Task instructions | Using the data below, print exactly the line with "広さのヒミツは吹き抜けと段下がりのリビング。空間に広がりが生まれます。", the line with "這款衣服是AAAAA 1:1 質量(非常棒).", and every line between them, but none of the pictures.

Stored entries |
────────
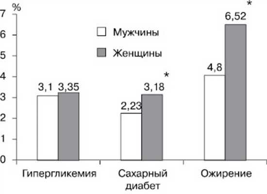 Гендерные различия во всех случаях демонстрировали большую выявляемость всех показателей ФР и заболеваний у женщин (см. табл. 1), однако были статистически достоверны только в случаях наличия ожирения (4,8% у мужчин против 6,52% у женщин, р<0,001) и СД (2,23% у мужчин против 3,18% у женщин, р<0,001) (рис. 1).
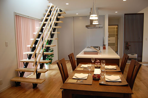 広さのヒミツは吹き抜けと段下がりのリビング。空間に広がりが生まれます。
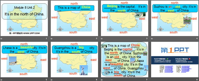 关键词:《It's in the north of china》教学课件,外研版一起点四年级下册英语课件,四年级英语幻灯片课件下载,《It's in the north of china》PPT课件下载,.ppt格式
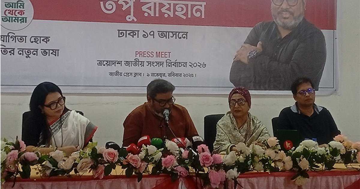 ত্রয়োদশ জাতীয় সংসদ নির্বাচনে ঢাকা-১৭ আসন থেকে নির্বাচন করার ঘোষণা দিয়েছেন প্রয়াত লেখক ও চলচ্চিত্রকার জহির রায়হানের ছেলে তপু রায়হান। রবিবার (৯ নভেম্বর) রাজধানীর জাতীয় প্রেসক্লাবের আবদুস সালাম হলে আয়োজিত এক সংবাদ সম্মেলনে নির্বাচনে লড়ার ঘোষণা দেন তিনি।
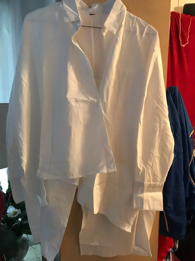 Рубашка интересная, ткань плотная, манжет рукава закрывает 1/3 при моем размере S и широких плеч. Люблю ассиметричный покрой. Недели 2 шла до Беларуси и месяц до почты. Продавец-милашка, положил 2 временные татуировки в подарок.
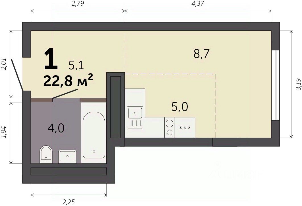 Продаётся студия в строящемся доме (Секция 1.1), срок сдачи: I-кв. 2028, общей площадью 22.8 кв.м., на 32 этаже. Новый жилой комплекс ''Парк Культуры'' от застройщика ''СЗ Новый Дом'' расположен по адресу: г. Екатеринбург, Базовый переулок.
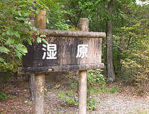 | 湿原の表示板 小さな湿っぽい場所で、「湿原」とはちょっとね・・・ この先にあった薬草園は、今は草ぼうぼうの場所になっていた |
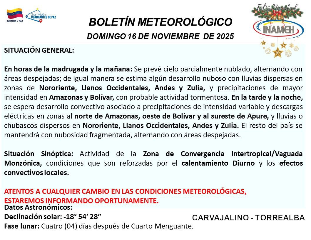 El Instituto Nacional de Meteorología e Hidrología (Inameh) informó que este domingo 16 de noviembre Venezuela amanece bajo un patrón de cielo parcialmente nublado, alternando con áreas despejadas en buena parte del territorio nacional.
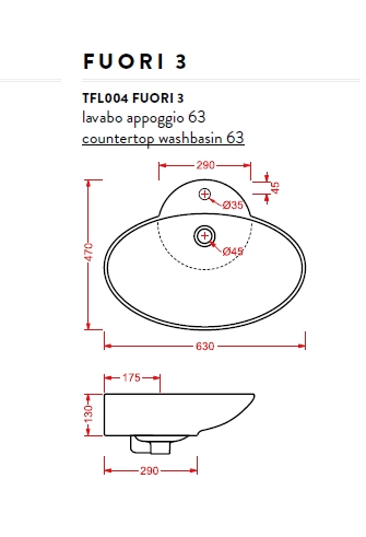 Удачное сочетание компактных размеров, продуманной эргономики и надежности делает накладную раковину FUORI 3 практичным решением для городских квартир, загородных домов и отелей. Она завершит образ вашей ванной комнаты, добавив ей аккуратности и завершенности.
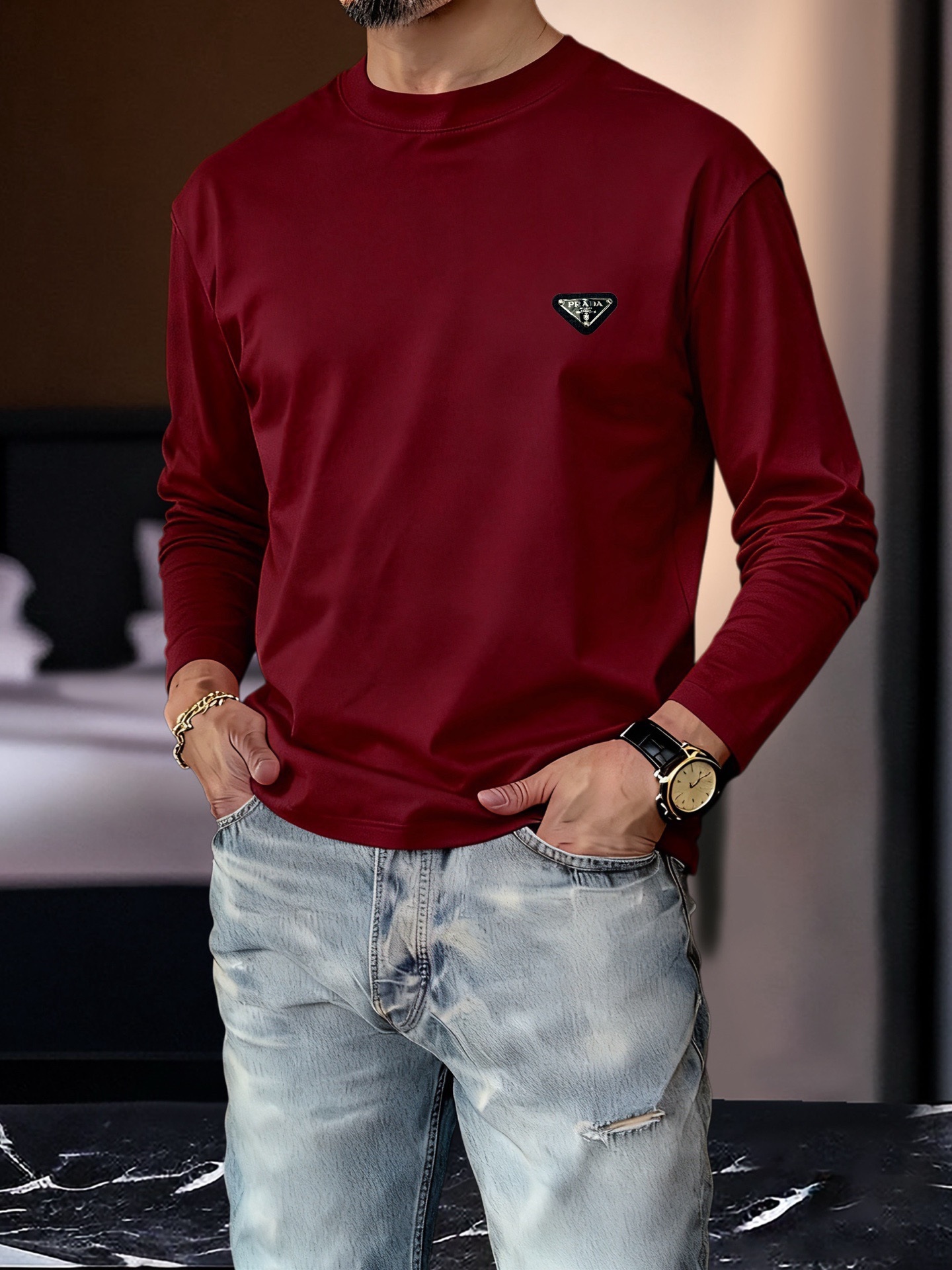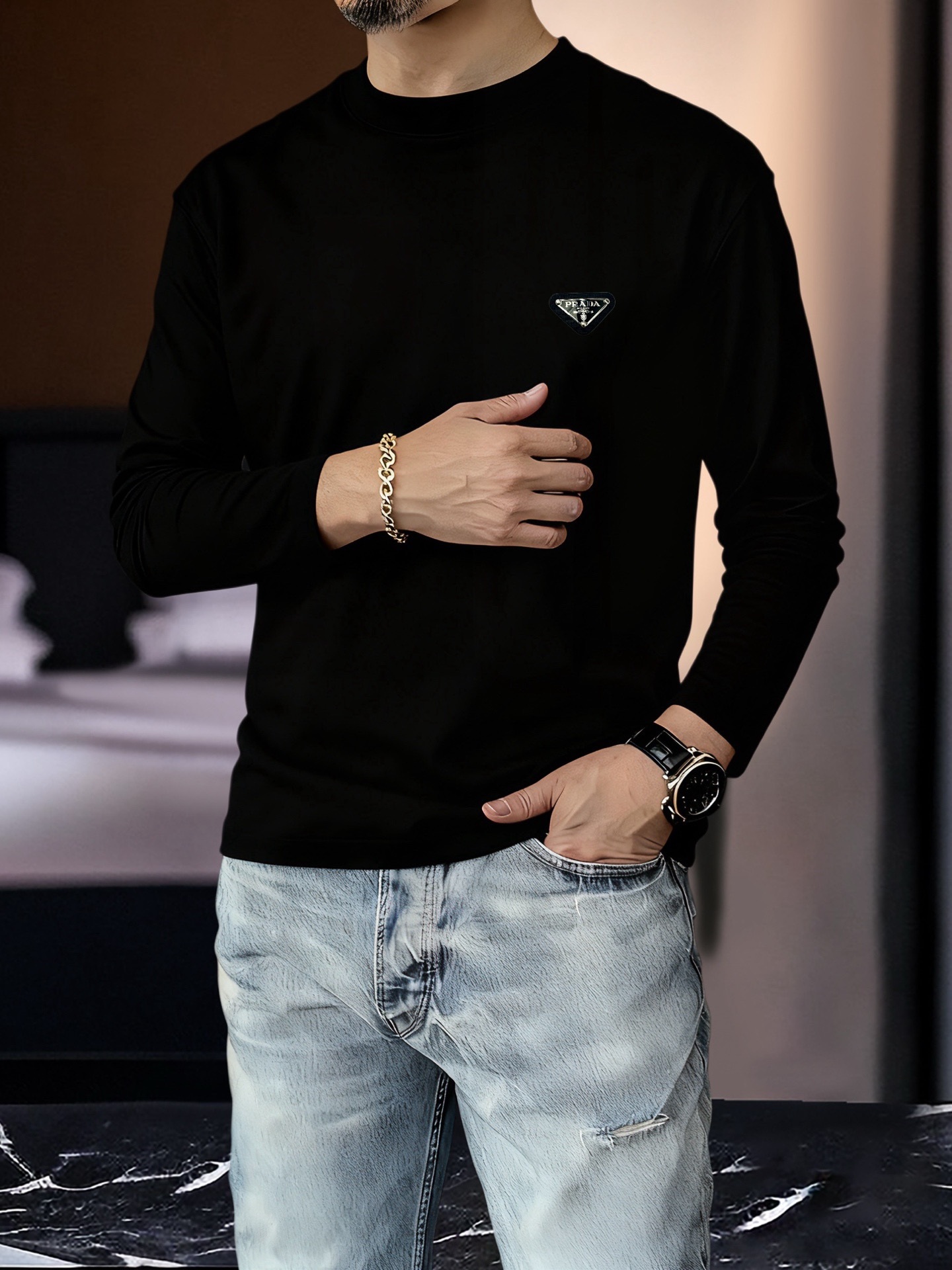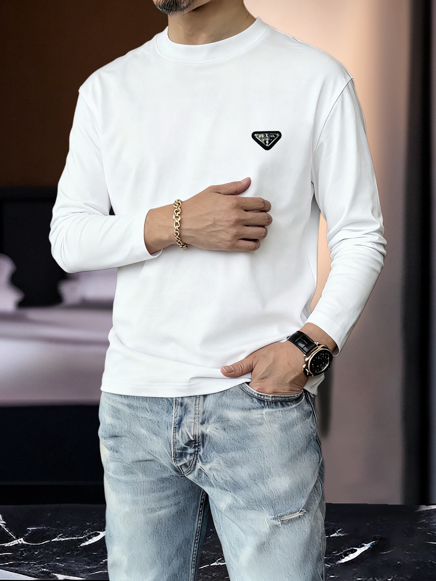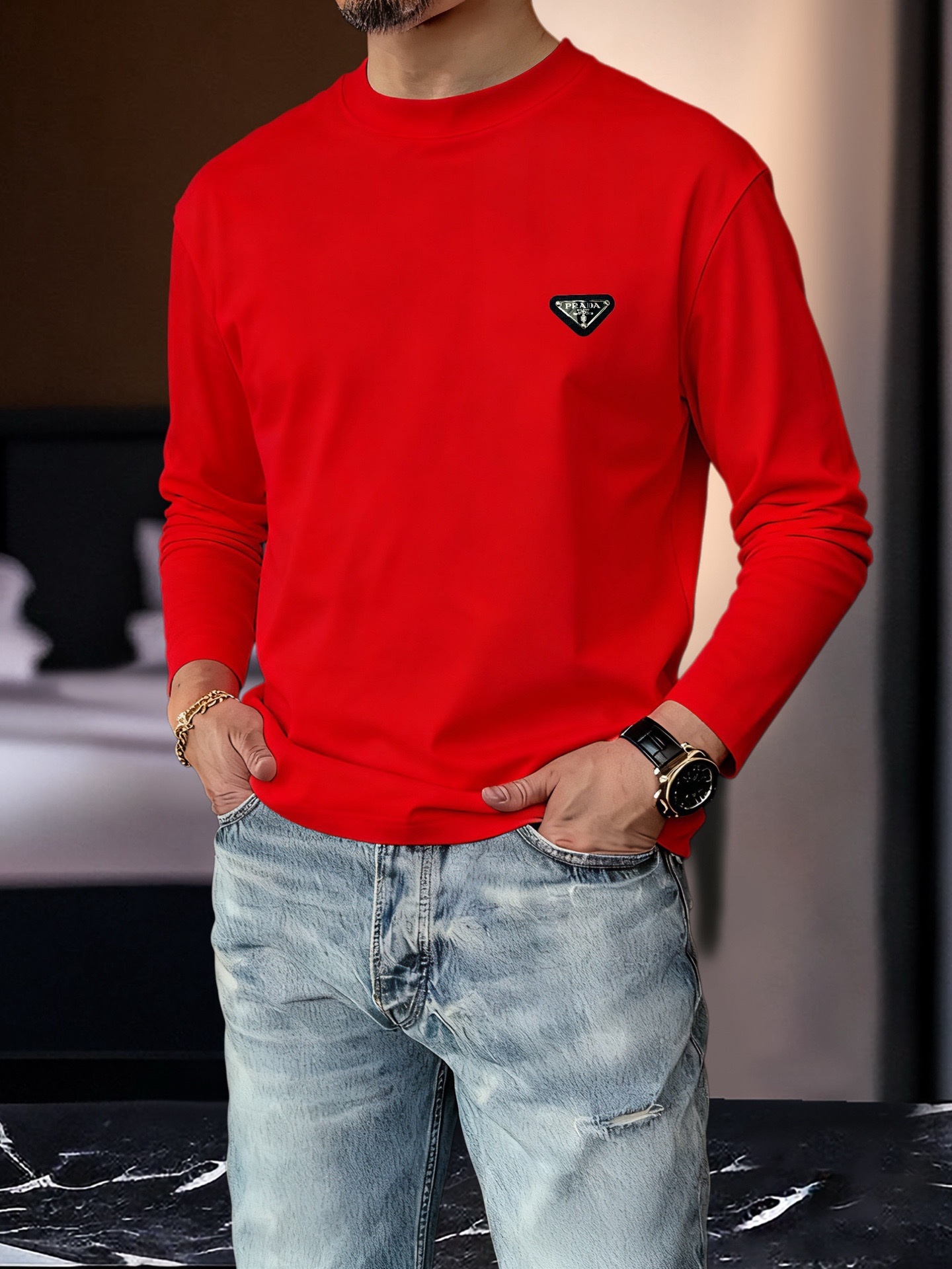 這款衣服是AAAAA 1:1 質量(非常棒). 使用了和原版一模一樣的材料. 商標部分也保持了和普拉達/Prada一樣. 圖片拍攝是實物衣服拍攝, 您所收到的實物保證和我們圖片一模一樣.
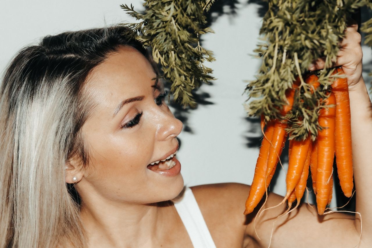 Möhren fördern ein jugendliches Aussehen, glänzendes Haar und glatte Haut. Es ist ein riesiges Lagerhaus von Vitamin A, das wesentlich für unseren Körper und gesundes Wachstum ist. Vitamin A stärkt unsere Immunität und wirkt sich positiv auf den Zustand und die Farbe unserer Haut (glättet Falten und Fältchen) aus. Es ist am besten, es roh in Form eines Salats mit dem Zusatz von Apfel- und Zitronensaft zu essen. Neben großen Mengen an Beta-Carotin ist das Gemüse reich an B-Vitaminen, die den Zustand unseres Nervensystems beruhigen und die Arbeit des Gehirns unterstützen. Es enthält auch Kalzium, Phosphor und Zink, die die Knochen, Zähne, Haare und Nägel stärken und sich positiv auf das Herz und die Nieren auswirken. Außerdem enthalten Möhren viel Magnesium, das die Konzentration verbessert und Kalium gegen Bluthochdruck. Karotten sind ebenfalls reich an Eisen, das notwendig bei der Verteilung von Sauerstoff an alle Zellen des Körpers und Vorbeugung von Anämie ist.
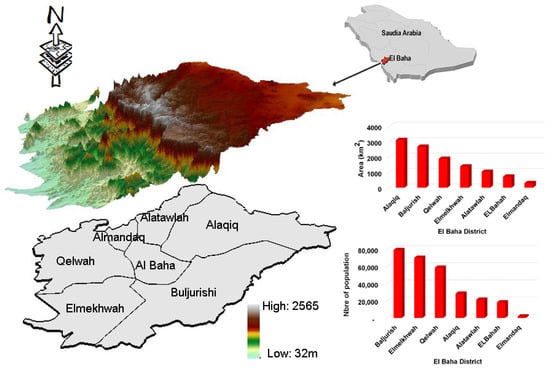 A Digital Elevation Model (DEM) is an illustration of the bare earth (bare ground) topographic of the Earth’s surface including buildings, trees, mountains, and any other surface objects. The Shuttle Radar Topography Mission (SRTM) databases with a resolution of ~30 m (1 arc-second) of the U.S. Geological Survey were downloaded from [35]. The elevation of the study area is between 32 and 2600 m above sea level. The Al Baha, central Buljurshi, southern Alaqiq, and Alatawlah districts are localized at high altitudes between 1500 and 2500 m, whereas Qelwah and Elmelkhwah districts are located between the elevations of 32 and 1070 m, where low altitudes of approximately 32 m (Figure 1 and Figure 2a) characterize their southern parts.
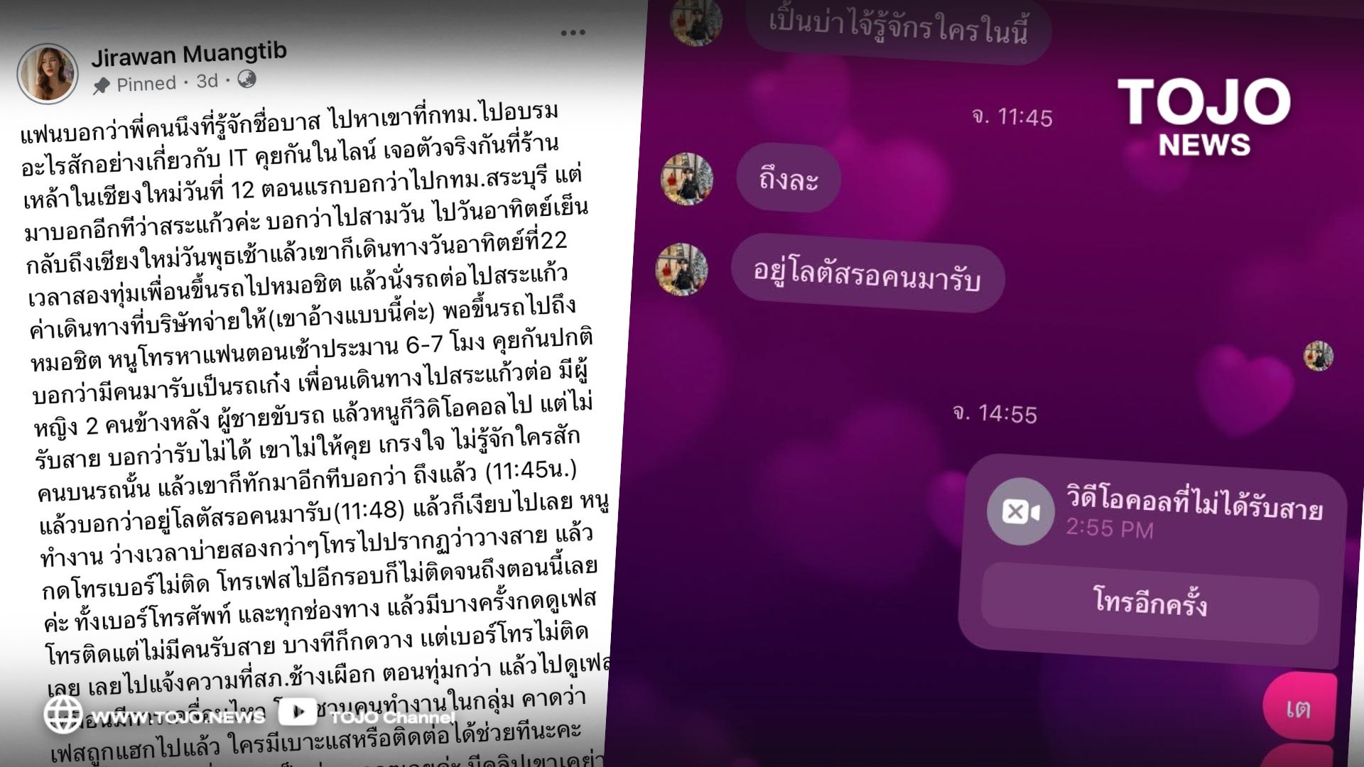 ผู้สื่อข่าวโตโจ้นิวส์รายงานว่า ผู้ใช้เฟซบุ๊ก ชื่อ Jirawan Muangtib โพสต์ข้อความระบุว่า
────────
Solution to this exercise |
 広さのヒミツは吹き抜けと段下がりのリビング。空間に広がりが生まれます。
 关键词:《It's in the north of china》教学课件,外研版一起点四年级下册英语课件,四年级英语幻灯片课件下载,《It's in the north of china》PPT课件下载,.ppt格式
 ত্রয়োদশ জাতীয় সংসদ নির্বাচনে ঢাকা-১৭ আসন থেকে নির্বাচন করার ঘোষণা দিয়েছেন প্রয়াত লেখক ও চলচ্চিত্রকার জহির রায়হানের ছেলে তপু রায়হান। রবিবার (৯ নভেম্বর) রাজধানীর জাতীয় প্রেসক্লাবের আবদুস সালাম হলে আয়োজিত এক সংবাদ সম্মেলনে নির্বাচনে লড়ার ঘোষণা দেন তিনি।
 Рубашка интересная, ткань плотная, манжет рукава закрывает 1/3 при моем размере S и широких плеч. Люблю ассиметричный покрой. Недели 2 шла до Беларуси и месяц до почты. Продавец-милашка, положил 2 временные татуировки в подарок.
 Продаётся студия в строящемся доме (Секция 1.1), срок сдачи: I-кв. 2028, общей площадью 22.8 кв.м., на 32 этаже. Новый жилой комплекс ''Парк Культуры'' от застройщика ''СЗ Новый Дом'' расположен по адресу: г. Екатеринбург, Базовый переулок.
 | 湿原の表示板 小さな湿っぽい場所で、「湿原」とはちょっとね・・・ この先にあった薬草園は、今は草ぼうぼうの場所になっていた |
 El Instituto Nacional de Meteorología e Hidrología (Inameh) informó que este domingo 16 de noviembre Venezuela amanece bajo un patrón de cielo parcialmente nublado, alternando con áreas despejadas en buena parte del territorio nacional.
 Удачное сочетание компактных размеров, продуманной эргономики и надежности делает накладную раковину FUORI 3 практичным решением для городских квартир, загородных домов и отелей. Она завершит образ вашей ванной комнаты, добавив ей аккуратности и завершенности.
 這款衣服是AAAAA 1:1 質量(非常棒). 使用了和原版一模一樣的材料. 商標部分也保持了和普拉達/Prada一樣. 圖片拍攝是實物衣服拍攝, 您所收到的實物保證和我們圖片一模一樣.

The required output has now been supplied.